Phytohormones, qPCR, stress, cacti

Abstract

Plants under stress conditions develop different defense systems, such as activation of signaling pathways induced by salicylic acid (SA) or ethylene (ET). Mamillaria bombycina is a cactus recently used as a model plant of molecular studies on different types of stress. Some genes expressed under stress are glyoxalases and dehydrins. In the present work, the expression of MabDHN dehydrin-like gene and MbGlyI-I, MbGlyII-I and MbGlyDJI glyoxalase genes were analyzed induced by 100 µM of AS and 2mM of ET for 3, 8 and 24 h in M. bombycina.
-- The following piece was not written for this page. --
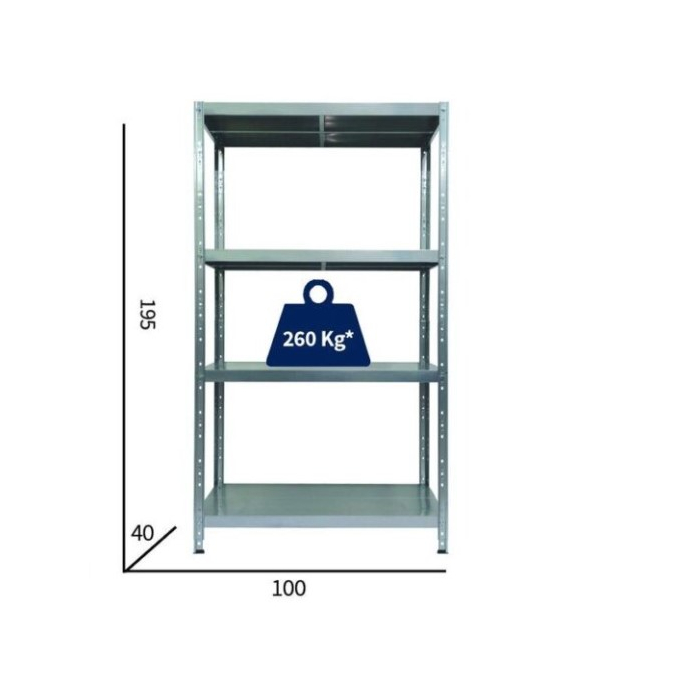 GRIMA montažna pocinčana polica , komplet od četiri police.Pocinkovana bojaUkupan kapacitet: 1.040 kgDimenzije: 100 x 40 x 195 h (u cm)

In the treatment with AS, the genes expression decreased in all the analyzed times. Otherwise, with ET the expression of MabDHN and MbGlyI-I increased from 3 h, besides, MbGlyII-I did not show expression and MbGlyDJI expression decreased from 8 h. These results show the role of AS and ET in the expression regulation of dehydrin and glyoxalase gene in M. bombycina.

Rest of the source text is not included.